Your instructions - If a record holds a picture, leave the picture out and copy everything else exactly.

Supplied entries -
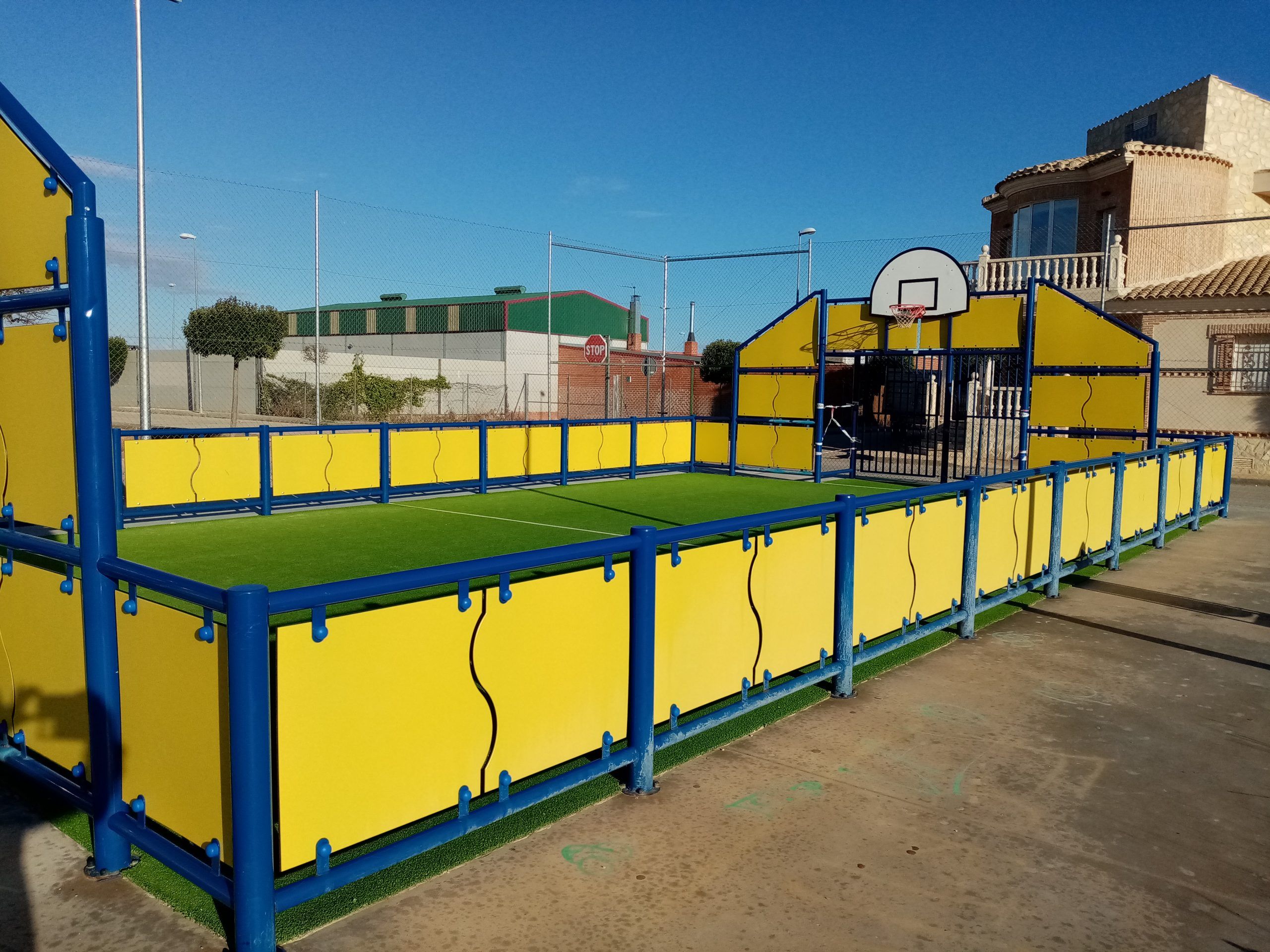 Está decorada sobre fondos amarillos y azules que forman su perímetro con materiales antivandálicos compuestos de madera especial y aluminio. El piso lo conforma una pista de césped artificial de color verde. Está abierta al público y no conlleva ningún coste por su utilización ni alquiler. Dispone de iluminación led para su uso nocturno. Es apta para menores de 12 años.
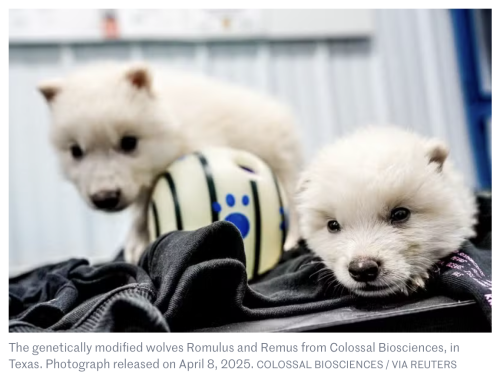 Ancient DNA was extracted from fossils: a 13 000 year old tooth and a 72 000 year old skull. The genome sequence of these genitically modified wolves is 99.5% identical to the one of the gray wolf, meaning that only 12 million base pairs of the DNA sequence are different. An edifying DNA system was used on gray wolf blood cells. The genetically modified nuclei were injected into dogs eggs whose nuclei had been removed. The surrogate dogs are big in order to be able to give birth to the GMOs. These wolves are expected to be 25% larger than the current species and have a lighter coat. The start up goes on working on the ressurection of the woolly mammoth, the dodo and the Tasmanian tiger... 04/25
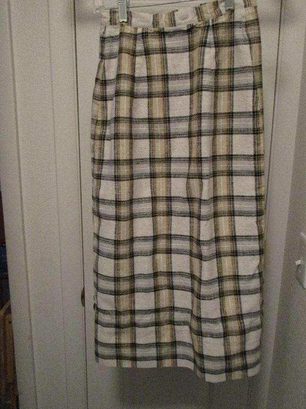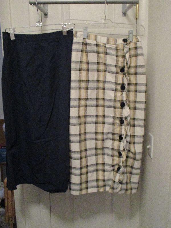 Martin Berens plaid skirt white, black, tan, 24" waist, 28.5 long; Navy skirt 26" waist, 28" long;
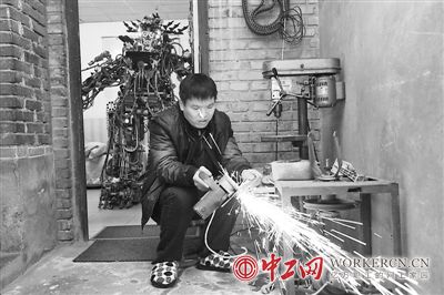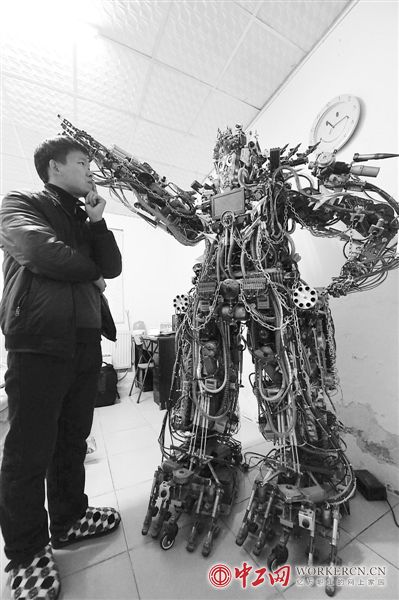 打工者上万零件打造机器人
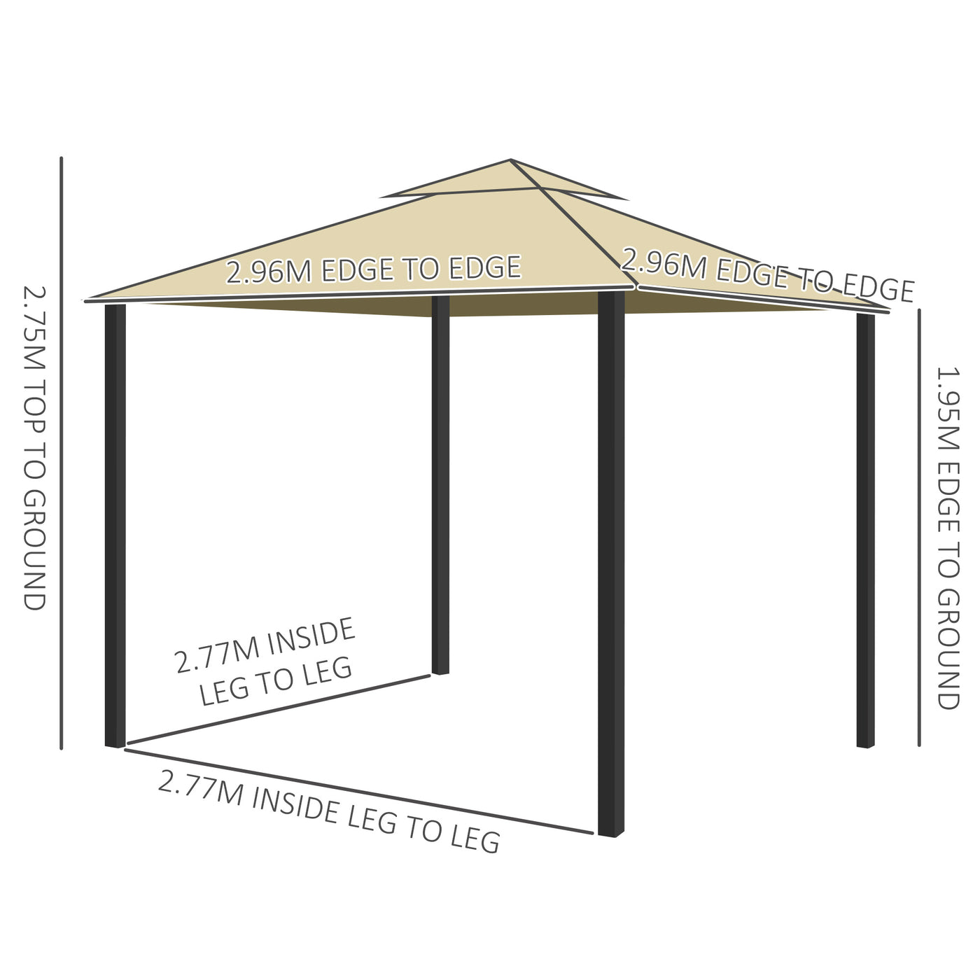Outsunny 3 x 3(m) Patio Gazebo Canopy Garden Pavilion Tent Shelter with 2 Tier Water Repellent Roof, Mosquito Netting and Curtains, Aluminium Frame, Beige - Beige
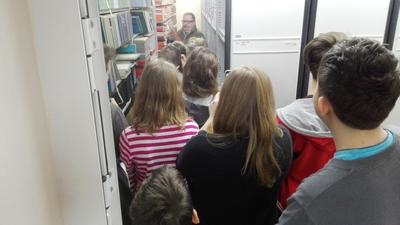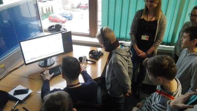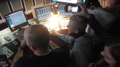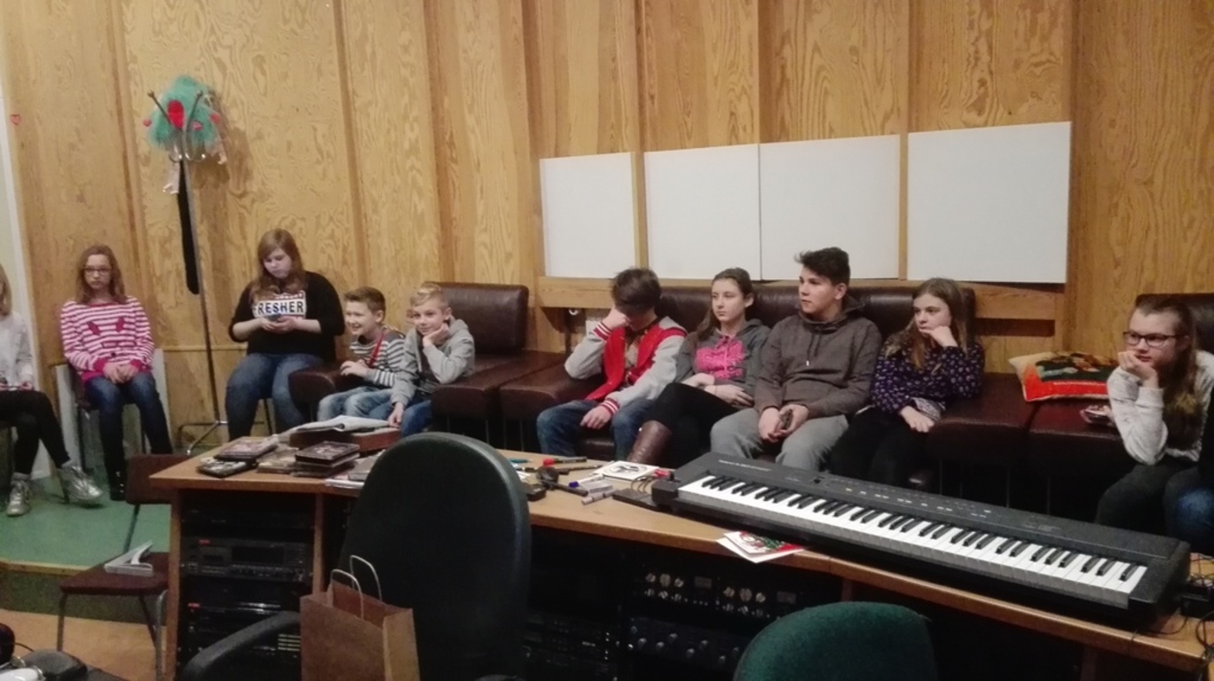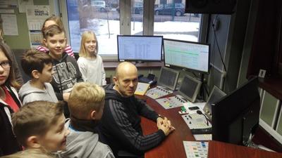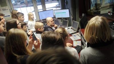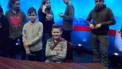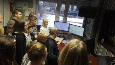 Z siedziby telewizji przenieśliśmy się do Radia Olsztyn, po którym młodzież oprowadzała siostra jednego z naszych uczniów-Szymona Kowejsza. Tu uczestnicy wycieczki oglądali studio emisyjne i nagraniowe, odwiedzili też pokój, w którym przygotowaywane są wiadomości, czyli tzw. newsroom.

Worked solution -
 Está decorada sobre fondos amarillos y azules que forman su perímetro con materiales antivandálicos compuestos de madera especial y aluminio. El piso lo conforma una pista de césped artificial de color verde. Está abierta al público y no conlleva ningún coste por su utilización ni alquiler. Dispone de iluminación led para su uso nocturno. Es apta para menores de 12 años.
 Ancient DNA was extracted from fossils: a 13 000 year old tooth and a 72 000 year old skull. The genome sequence of these genitically modified wolves is 99.5% identical to the one of the gray wolf, meaning that only 12 million base pairs of the DNA sequence are different. An edifying DNA system was used on gray wolf blood cells. The genetically modified nuclei were injected into dogs eggs whose nuclei had been removed. The surrogate dogs are big in order to be able to give birth to the GMOs. These wolves are expected to be 25% larger than the current species and have a lighter coat. The start up goes on working on the ressurection of the woolly mammoth, the dodo and the Tasmanian tiger... 04/25
 Martin Berens plaid skirt white, black, tan, 24" waist, 28.5 long; Navy skirt 26" waist, 28" long;
 打工者上万零件打造机器人
Outsunny 3 x 3(m) Patio Gazebo Canopy Garden Pavilion Tent Shelter with 2 Tier Water Repellent Roof, Mosquito Netting and Curtains, Aluminium Frame, Beige - Beige
 Z siedziby telewizji przenieśliśmy się do Radia Olsztyn, po którym młodzież oprowadzała siostra jednego z naszych uczniów-Szymona Kowejsza. Tu uczestnicy wycieczki oglądali studio emisyjne i nagraniowe, odwiedzili też pokój, w którym przygotowaywane są wiadomości, czyli tzw. newsroom.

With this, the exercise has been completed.